最近测试Alexnet模型时遇到了一个问题:训练完成后想对多个图片进行检测,但是模型在计算出第一个图片后,再计算第二个就会出错(模型训练及测试代码参见:https://github.com/stephen-v/tensorflow_alexnet_classify):
OP_REQUIRES failed at save_restore_v2_ops.cc:184 : Not found: Key conv1_1/bias not found in checkpoint
参考网上说的,增加tf.reset_default_graph()(tf.reset_default_graph函数用于清除默认图形堆栈并重置全局默认图形)但是仍会出错,最后发现是定义Alexnet网络中的with tf.name_scope(‘xxx’) as scope 导致的。将with…as…结构删除后,再加上tf.reset_default_graph(),重新训练后再批量测试图片就没有问题了。
原来的Alexnet 模型代码部分示例代码:
import tensorflow as tf
def alexnet(x, keep_prob, num_classes):
# conv1
with tf.name_scope('conv1') as scope:
kernel = tf.Variable(tf.truncated_normal([11, 11, 3, 96], dtype=tf.float32,
stddev=1e-1), name='weights')
conv = tf.nn.conv2d(x, kernel, [1, 4, 4, 1], padding='SAME')

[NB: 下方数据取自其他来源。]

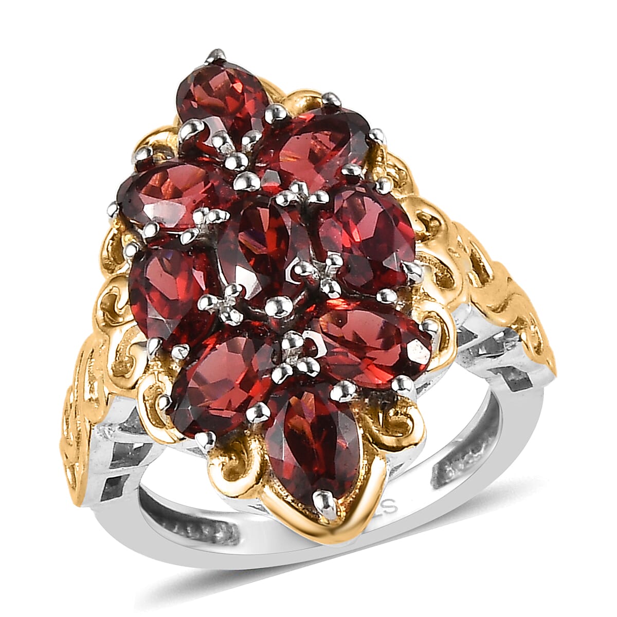 Karis Mozambique Garnet Ring in 18K Yellow Gold Plated and Platinum Bond (Size 7.0) 3.75 ctw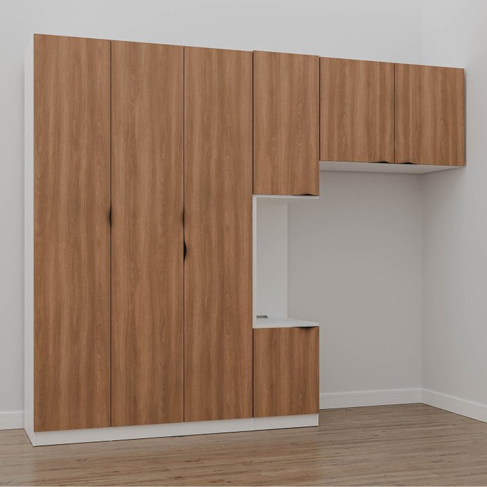 Guarda-Roupa Modulado Solteiro com Mesa de Cabeceira 7 Portas 3 Peças Hera CabeCasa MadeiraOriginals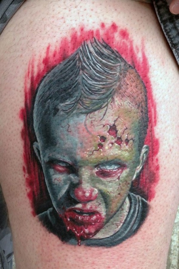 腿部彩色毛骨悚然的血腥男孩头部纹身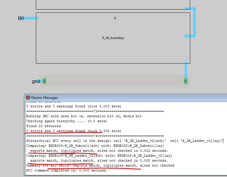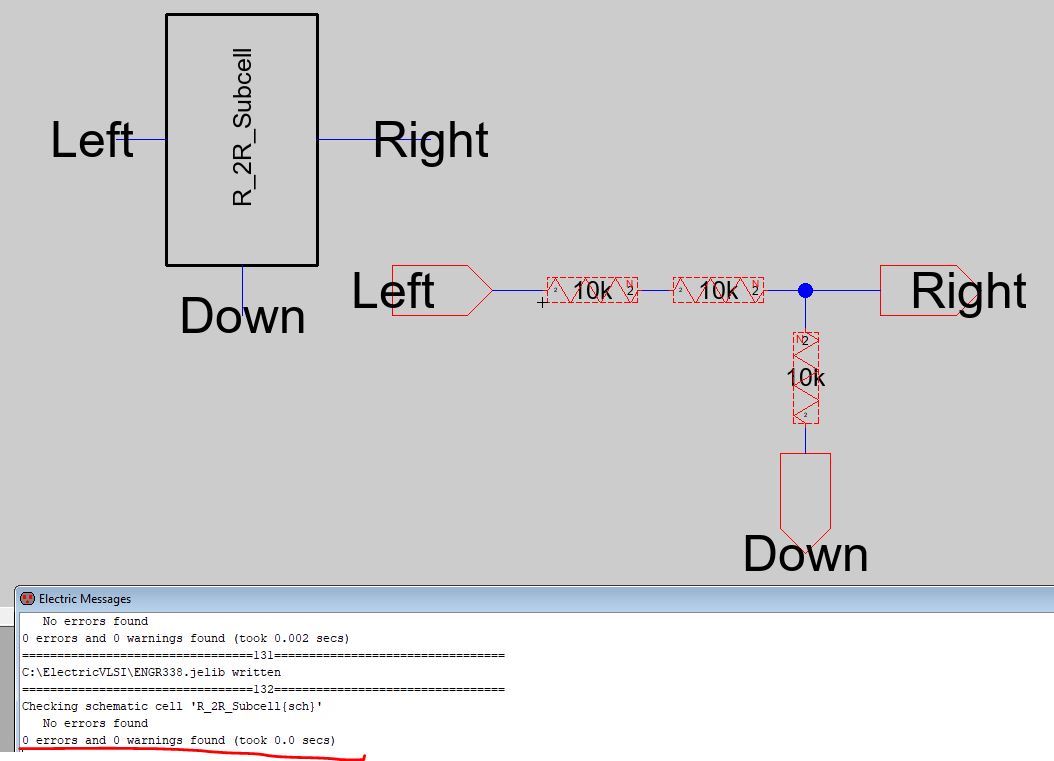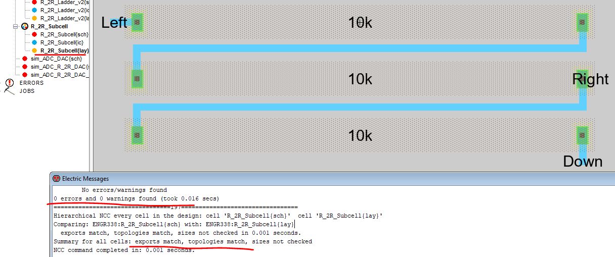 1. Layout the R-2R DAC in Electric VLSI using N-Well resistors.

biases = tf.Variable(tf.constant(0.0, shape=[96], dtype=tf.float32),
trainable=True, name='biases')
bias = tf.nn.bias_add(conv, biases)
conv1 = tf.nn.relu(bias, name=scope)
# lrn1
with tf.name_scope('lrn1') as scope:
lrn1 = tf.nn.local_response_normalization(conv1,
alpha=1e-4,
beta=0.75,
depth_radius=2,
bias=2.0)
# pool1
with tf.name_scope('pool1') as scope:
pool1 = tf.nn.max_pool(lrn1,
ksize=[1, 3, 3, 1],
strides=[1, 2, 2, 1],
padding='VALID')
# 后面的省略...
修改后的代码为(把所有with tf.name_scope(‘xxx’) as scope去掉):
import tensorflow as tf
def alexnet(x, keep_prob, num_classes):
# conv1
kernel = tf.Variable(tf.truncated_normal([11, 11, 3, 96], dtype=tf.float32,
stddev=1e-1), name='weights')
conv = tf.nn.conv2d(x, kernel, [1, 4, 4, 1], padding='SAME')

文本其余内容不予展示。